Most people will not be aware that they have hyperchloremia because the symptoms are almost impossible to identify. Doctors often discover the condition from a chloride blood test, which is part of a routine blood screening to monitor or diagnose electrolyte levels.
A doctor might do these tests if they suspect a person has any of the following:
The doctor will usually do tests for other electrolytes, such as sodium, potassium, and bicarbonate, at the same time.
If a doctor is concerned that a person might have diabetes, they might recommend a urine test as well.
This article explains the chloride blood test and how to interpret the results. High or low levels may have different symptoms and are indicative of a number of different conditions
How to prepare for the test
The test does not require any special preparation. However, always discuss any concerns or questions with a doctor.
A chloride blood test will take less than 10 minutes.
The blood test involves taking a blood sample from a vein, usually in the arm or hand.
The test will take less than 10 minutes and should not cause any harm. Some people might experience slight pain or bruising at the site where the doctor inserts the needle.
Once collected, the blood will go to a lab for analysis. The doctor usually receives the results from the lab within a few days.
What do high or low results mean?
The normal range for chloride is between 98 and 106 milliequivalents per liter (mEq/L).

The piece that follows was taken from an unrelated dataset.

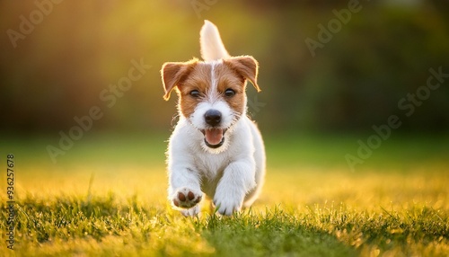 Obraz premium 芝生の上を走っているジャックラッセルテリアの子犬(Jack Russell Terrier puppy running on the grass)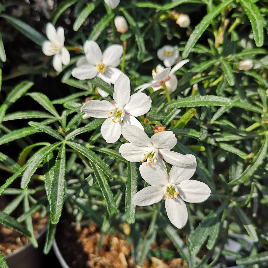 A scented shrub which blooms twice a year, Choisya ternata Gold Star is a medium-sized, fast-growing, evergreen shrub with a rounded habit. The deep green leaves are palmate (narrowly hand-shaped) and aromatic. Corymbs of pale pink to white, starry flowers, scented of orange blossom, appear between March and May, and again in September to October. Mexican Orange Blossom Scented Gem may suffer foliage and stem damage in very severe winters.

Chloride levels above the normal range cause a condition known as hyperchloremia. Hyperchloremia happens when the volume of chloride ions rises, which might be due to a number of factors.
Possible causes include:
- Severe dehydration reduces the amount of fluids in the body, which means the levels of electrolytes increase because they cannot dissolve as they usually would.
- Diarrhea and excessive urination causes the body to lose water, which leads to increases in the concentration levels of bicarbonate and chloride
- Metabolic acidosis occurs when the pH of blood is lower than usual, and chloride levels are elevated. This has a serious effect on the body.
- Kidney disease. The kidneys help to balance electrolytes in the body so irregularities might signal a kidney problem.
- Chemotherapy can cause vomiting that may lead to dehydration and hyperchloremia. It can also cause damage to the kidneys, affecting the way they can balance electrolytes in the body.
Newborn babies often have hyperchloremia because their chloride levels rise in the week after birth. However, this is nothing to worry about, as the levels rise naturally and do not indicate a health problem.
Hyperchloremia is common in critically ill people.
Low levels of chloride cause a condition known as hypochloremia. Hypochloremia happens when the volume of chloride ions decreases.
Possible causes include:
- Low salt intake in the diet – table salt, or sodium chloride, is a primary source of dietary salt.
- Metabolic alkalosis, when the pH of blood is higher than usual.
- Certain medications, such as diuretics and laxatives, as these may reduce the amount of fluid in the body.
- Addison's Disease, which is when the adrenal glands that sit on top of the kidneys do not make enough of the hormones needed to maintain a healthy electrolyte balance. When this happens, chloride levels can fall.
Hydration can be a treatment for hyperchloremia.
Treatments vary according to the type of electrolyte balance a person has.
Most people can manage hyperchloremia with some lifestyle changes. For example, if dehydration is causing the hyperchloremia, treatment will likely include hydration, which may involve drinking lots of water every day.
People should eat a healthful, balanced diet and avoid caffeine and alcohol as they are diuretics.
However, anyone who experiences any symptoms that might suggest kidney problems should see a doctor as soon as possible.
If someone develops hypochloremia due to a medication they are taking, the doctor may adjust the dosage or prescribe a different drug. If hypochloremia is mild and due to diet irregularities, the doctor may recommend that the person increases their salt intake.
Outlook and takeaway
The amount of fluid a person consumes through drinking or loses through excessive sweating, diarrhea, or vomiting can affect chloride levels. Maintaining proper hydration may make chloride levels more stable.
Results of the chloride blood test that are not in the normal range are not usually a cause for concern. However, they can signify an underlying condition that might require treatment.
Always discuss test results with a doctor. If the chloride levels fall outside of the normal range, the doctor will recommend the most appropriate treatment.